Gabon : la HAC suspend le site d’information 241 pour propos diffamatoires

À Libreville, les tensions autour de la liberté de la presse au Gabon ont connu un nouveau tournant. La Haute Autorité de la communication (HAC) a annoncé la suspension temporaire du site d’information 241, une décision qui suscite de vives réactions dans l’opinion publique.

Un article à l’origine de la polémique

La mesure prise par la HAC fait suite à la publication d’un article particulièrement virulent. Intitulé « Lanlaire balance sur Oligui : 150 000 € offerts, vidéos compromettantes, bisexualité, 20 milliards dilapidés… », ce texte cible directement le président gabonais Brice Clotaire Oligui Nguema ainsi que sa famille. L’influenceur gabonais Lanlaire, également connu sous le nom d’Anges Landry Mbeng et basé en France, est cité comme source principale des informations.

Des accusations graves de la part de la HAC

Dans son communiqué, la Haute Autorité de la communication justifie sa décision en invoquant des « propos injurieux, scandaleux et d’une rare virulence ». Selon elle, le site 241 a enfreint les dispositions légales en vigueur, ce qui a conduit à sa suspension immédiate et jusqu’à nouvel ordre. Cette mesure rappelle les débats récurrents sur les limites de la liberté d’expression dans le pays.

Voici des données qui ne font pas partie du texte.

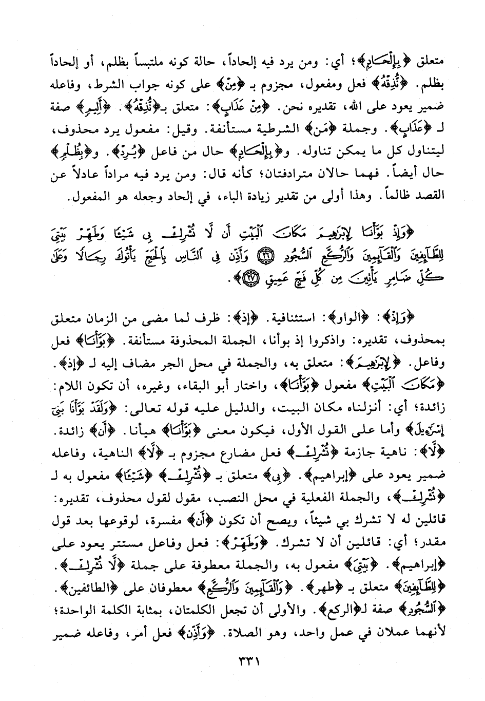 {وَإِذْ}: {الواو}: استئنافية. {إذ}: ظرف لما مضى من الزمان متعلق بمحذوف، تقديره: واذكروا إذ بوأنا، الجملة المحذوفة مستأنفة. {بَوَّأْنَا} فعل وفاعل. {لِإِبْرَاهِيمَ}: متعلق به، والجملة في محل الجر مضاف إليه لـ {إذ}. {مَكَانَ الْبَيْتِ} مفعول {بَوَّأْنَا}، واختار أبو البقاء، وغيره، أن تكون اللام: زائدة؛ أي: أنزلناه مكان البيت، والدليل عليه قوله تعالى: {وَلَقَدْ بَوَّأْنَا بَنِي إِسْرَائِيلَ} وأما على القول الأول، فيكون معنى {بَوَّأْنَا} هيأنا. {أَنْ} زائدة. {لَا}: ناهية جازمة {تُشْرِكْ} فعل مضارع مجزوم بـ {لَا} الناهية، وفاعله ضمير يعود على إبراهيم. {بِي} متعلق بـ {تُشْرِكْ} {شَيْئًا} مفعول به لـ {تُشْرِكْ}، والجملة الفعلية في محل النصب، مقول لقول محذوف، تقديره: قائلين له لا تشرك بي شيئًا، ويصح أن تكون {أَنْ} مفسرة، لوقوعها بعد قول مقدر؛ أي: قائلين أن لا تشرك. {وَطَهِّرْ}: فعل وفاعل مستتر يعود على {إبراهيم}. {بَيْتِيَ} مفعول به، والجملة معطوفة على جملة {لَا تُشْرِكْ}. {لِلطَّائِفِينَ} متعلق بـ {طهر}. {وَالْقَائِمِينَ وَالرُّكَّعِ} معطوفان على {الطائفين}. {السُّجُودِ} صفة لـ {الركع}. والأولى أن تجعل الكلمتان، بمثابة الكلمة الواحدة؛ لأنهما عملان في عمل واحد، وهو الصلاة. {وَأَذِّنْ} فعل أمر، وفاعله ضمير

La réaction du média suspendu

Info 241 n’a pas tardé à réagir. Le site a dénoncé une décision « épidermique » et a accusé la HAC de s’être prononcée sans même avoir pris connaissance du contenu de l’article incriminé. Cette réponse a relancé les discussions sur l’indépendance des instances de régulation des médias au Gabon.

Un climat politique sous haute tension

L’affaire a rapidement pris une dimension politique. Plusieurs partisans du président Oligui Nguema ont réclamé des poursuites judiciaires contre Lanlaire et ses éventuels complices. Ces déclarations illustrent la polarisation croissante autour des questions de gouvernance et de transparence au sommet de l’État.

Gabon : la HAC suspend le site d'information 241 pour propos diffamatoires

Cette affaire met en lumière les défis auxquels sont confrontés les médias au Gabon, entre liberté d’expression et régulation stricte. Les prochains jours s’annoncent décisifs pour déterminer l’issue de cette suspension et ses répercussions sur le paysage médiatique national.